Are these login attempts a potential hacker?

[Jakobud]

One of our employees's (lets say his name is Bob Smith) Zimbra account kept changing to "Lockout". I discovered that Lockout refers to too many bad login attempts to that account within a certain time period.

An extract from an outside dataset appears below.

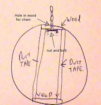 Para la cadena para la piñata. Perfore un agujero de sólo lo suficientemente grande como para que una cadena para pasar en un pedazo de madera del tamaño de la parte superior de tu piñata. (Mi pieza era 10 "x 4" amplia). Entonces se inserta la cadena. Cuando vino a través en el lado opuesto puse una tuerca y un tornillo para evitar tirar a través. Éste era el soporte superior, para apoyar la parte inferior sólo corrí cinta hasta otra pieza de madera en la parte inferior. Envuelto en un par de veces hasta que pensé que era lo suficientemente fuerte como para soportar el peso.

Investigating the logs, I'm seeing this:

Code:

2010-03-23 12:31:04,880 WARN  [btpool0-31374] [ip=50.24.49.30;ua=Mozilla/5.0 (X11;; U;; Linux x86_64;; en-US;; rv:1.9.1.8) Gecko/20100301 Fedora/3.0.3-1.fc11 Lightning/1.0b1 Thunderbird/3.0.3;] security - cmd=Auth; account=bob.smith@mycompany.com; protocol=http_basic; error=authentication failed for john, account lockout;
2010-03-23 12:31:05,205 WARN  [btpool0-31374] [ip=50.24.49.30;ua=Mozilla/5.0 (X11;; U;; Linux x86_64;; en-US;; rv:1.9.1.8) Gecko/20100301 Fedora/3.0.3-1.fc11 Lightning/1.0b1 Thunderbird/3.0.3;] security - cmd=Auth; account=bob.smith@mycompany.com; protocol=http_basic; error=authentication failed for john, account lockout;
2010-03-23 12:31:05,517 WARN  [btpool0-31374] [ip=50.24.49.30;ua=Mozilla/5.0 (X11;; U;; Linux x86_64;; en-US;; rv:1.9.1.8) Gecko/20100301 Fedora/3.0.3-1.fc11 Lightning/1.0b1 Thunderbird/3.0.3;] security - cmd=Auth; account=bob.smith@mycompany.com; protocol=http_basic; error=authentication failed for john, account lockout;
2010-03-23 12:31:05,828 WARN  [btpool0-31374] [ip=50.24.49.30;ua=Mozilla/5.0 (X11;; U;; Linux x86_64;; en-US;; rv:1.9.1.8) Gecko/20100301 Fedora/3.0.3-1.fc11 Lightning/1.0b1 Thunderbird/3.0.3;] security - cmd=Auth; account=bob.smith@mycompany.com; protocol=http_basic; error=authentication failed for john, account lockout;
2010-03-23 12:31:06,151 WARN  [btpool0-31374] [ip=50.24.49.30;ua=Mozilla/5.0 (X11;; U;; Linux x86_64;; en-US;; rv:1.9.1.8) Gecko/20100301 Fedora/3.0.3-1.fc11 Lightning/1.0b1 Thunderbird/3.0.3;] security - cmd=Auth; account=bob.smith@mycompany.com; protocol=http_basic; error=authentication failed for john, account lockout;

Can anyone explain what these errors mean? Does it mean that someone is attempting to log into bob smiths email account from that IP address (I changed the IP address for this post)?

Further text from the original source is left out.